The modulator has two inputs, one the carrier which is a sine wave of relatively high frequency (1 to 500MHz) and generated by the Variable Frequency Oscillator and the other the amplified audio (speech) signal.

The modulator is a circuit that outputs a signal that is a combination of the two. This means the high frequency carrier now includes the audio information (having a ride).

Variable Frequency Oscillator is a frequency generator and produces a carrier at the desired wavelength for transmitted signal, between 1MHz and 500MHz. It's always a pure sine wave. Any errors here mean the signal transmitted could fall outside the allocated radio bands. In practice this method of an amplitude modulated output is not actually used, because it is extremely inefficient, but forms basis of all radio transmissions and so its important to understand the principle of using one carrier to transport the wanted audio signal to the receiver(s) antenna.

It is extremely important that the output frequency, which is continuously variable by the user controls, once selected remains stable and various methods are used to ensure this. These range from switched crystal oscillators to digital frequency synthesisers. Accurate calibration of the VFO is an important part of using your rig. This is one area of the transceiver circuit where the difference between the budget and top of the range rigs will be clearly identified.

The input i.e. output from the modulator (audio modulated carrier) will usually be a voltage waveform with very little current (fairly high impedance), however the signal for driving the antenna must contain electrical power, most likely a low voltage with lots of current (low impedance), depending upon the design of the power amplifier.

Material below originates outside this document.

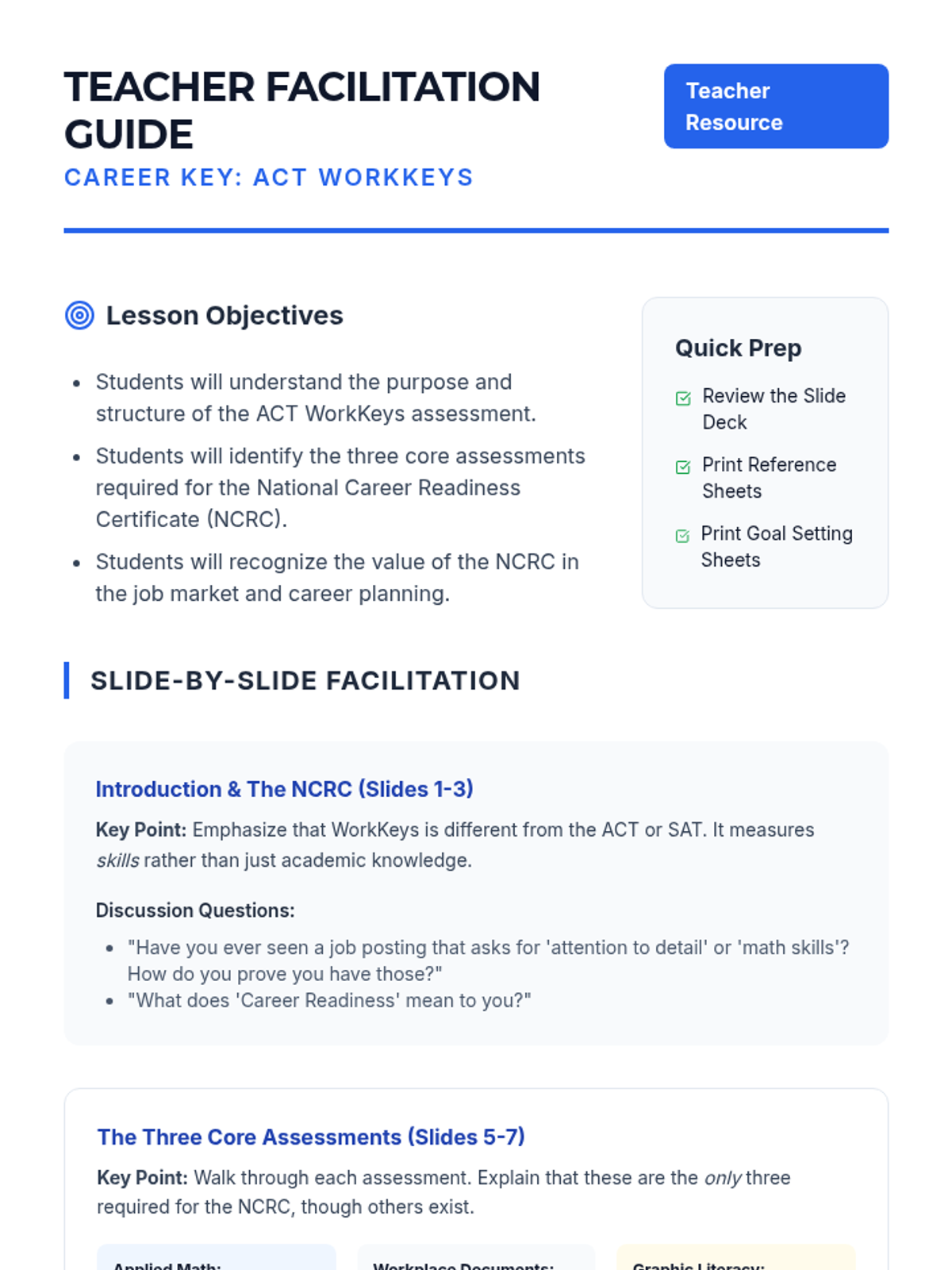 This lesson introduces students to the ACT WorkKeys assessment, highlighting its significance in career readiness and the benefits of earning a National Career Readiness Certificate.

Radio Frequency (RF) amplifier is similar to an audio amplifier where a small voltage drives the cone of a heavy loudspeaker via a powerful amplifier capable of developing lots of watts, except in this case its at a much higher RF (Radio Frequency). To limit the transmitter output to those frequencies in the desired transmission band, a low pass filter is incorporated, thereby cutting off any frequencies outside those permitted.

Transmitter Antenna provides the electromagnetic interface between your rig and the outside world. To be effective it has to be designed to match the output impedance of the transmitter to maximise on the efficiency of the power output and also physically constructed so as not cause obstructions or interference with other electrical equipment.

This is greatly simplified here, but helps to explain the operation of an antenna. When transmitting, consider the antenna as a transformer operating at a high frequency. The current changes in the carrier sine wave will cause a 'magnetic' field to build up around the dipole that will radiate outwards. This magnetic radiation can be picked up by ferrite rod aerials tuned to the same frequency as the ferrite provides an easy path for the magnetic flux which is then converted to a weak voltage input signal at the receiver through the aerial coil winding. The voltage (electrical) fluctuations will be similarly collected by any tuned dipole. An antenna tuned to the same frequency will cause tiny currents to travel down the feeder to the RF input stages of the receiver, thereby developing the voltage input signals, which are then amplified and demodulated.